A new development could be coming to San Dimas, but not everybody is in favor of it.
Last year, the City Council in San Dimas entered into an exclusive negotiation agreement for a proposed four-story hotel, on a lot at the corner of Cataract and Bonita - a space that has been vacant for decades.
Blaine Michaelis, San Dimas City Manager, said the council has been looking for a good use of the property since the mid 1990s.
"Not long ago the city council decided to explore a possible hotel use by commissioning a feasibility study," he said. "That study indicated the market feasibility for a hotel at this site."
But many residents, including Phil and Isabel Ebiner, would say otherwise.
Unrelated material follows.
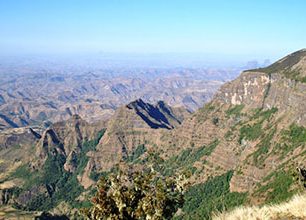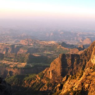 Úzké pěšinky nás vedly podél hlubokých propastí, na jejichž dně jsme viděli malé vesničky a pole a procházeli jsme mezi tlupami obrovských opic, dželad, které nás naštěstí vytrvale ignorovaly a dál se cpaly trávou. Simien má, podobně jako celá střední Etiopie, ráz náhorní planiny, porostlé v zimě nažloutlou trávou, jejíž okraje se topí v oparu dálek. Více než špičaté vrcholky vám zde budou imponovat obrovské, ploché kopce, rozlámané hlubokými puklinami údolí a všeobjímající měkké světlo.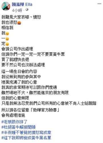 Ella庆生趴“0元门票”,昨天中午一点开放免费索取,不到一分钟就被抢购一空,不过几乎都被黄牛得手,让粉丝纷纷向Ella敲碗能开直播或加场,对此Ella凌晨在脸书PO文呼吁粉丝务必拒买黄牛票,如果买了就赶快退票,否则公司也没办法处理,而她更强调这是出道以来首场生日会,内容全程都参与构思,原本非常期待可以跟粉丝度过,未料心意都被不肖人士给践踏,立刻开呛黄牛:“老娘跟你拼了”。

The married couple is behind the orange lawn signs that have been popping up throughout San Dimas, advocating for the "No Big Hotel" campaign.
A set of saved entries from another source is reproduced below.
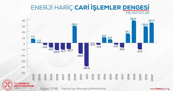 Cari denge konusuna dönecek olursak, içinde bulunduğumuz 2022 yılı Ocak-Haziran döneminde enerji hariç değerlendirildiğinde cari işlemler dengesinde 8,1 milyar dolar; yıllık bazdaki cari işlemler dengesindeyse 35 milyar dolar fazla vermeyi başardık.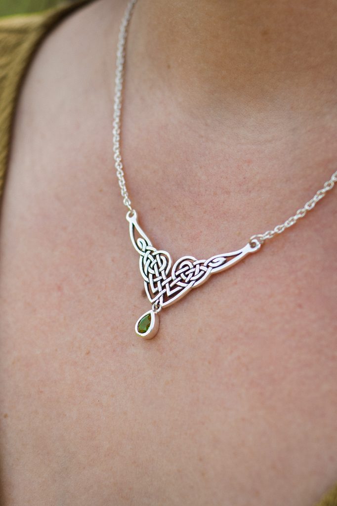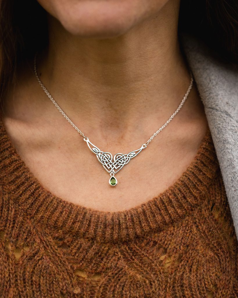 Lady Avalon – luxusní keltský stříbrný náhrdelník s českým vltavínem Spojení magického kamene z nitra české země a nadčasové keltské symboliky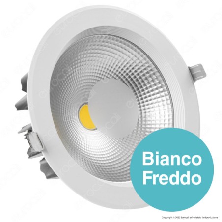 Faretto LED Downlight V-Tac VT-26301 rotondo da 30W con tecnologia LED COB e molle da incasso incorporate. Driver esterno incluso.

"We had heard about the hotel proposal at Bonita and Cataract and my husband Phil and I were not too excited about that," Isabel said. "We found that a lot of neighbors in the area felt similarly."
Phil, a long time resident of the area, is hoping the city council considers other proposals that might be a little more family-friendly.
"We’re hoping for something that can benefit both visitors and the residents that live here in town too," he said.
The couple, who are parents to twin four-month olds, launched the campaign last month, purchasing 20 signs to distribute. After going door-to-door to hand them out, Phil and Isabel found there was quite the interest for more.
"When we launched the campaign, we were pretty surprised by how many people were willing to put up signs and sign the petition, she said. "We thought maybe if we got 20 people to put up signs that would be exciting, but at this point we have over 120 who put up signs, and we ran out of signs."
As they continue to add signatures to their petition, Phil and Isabel also presented their viewpoints to the city council. They were joined by over 10 other residents. And while it is still early in the development process, the Ebiners are hoping to get their poing across before it is too late.
Michaelis said that while there is no schedule for consideration, the decision will take into account a public review.
"That public process will take the decision through a variety of questions, deliberations, points of view, and discussion in search of the best and most feasible development plan," he said.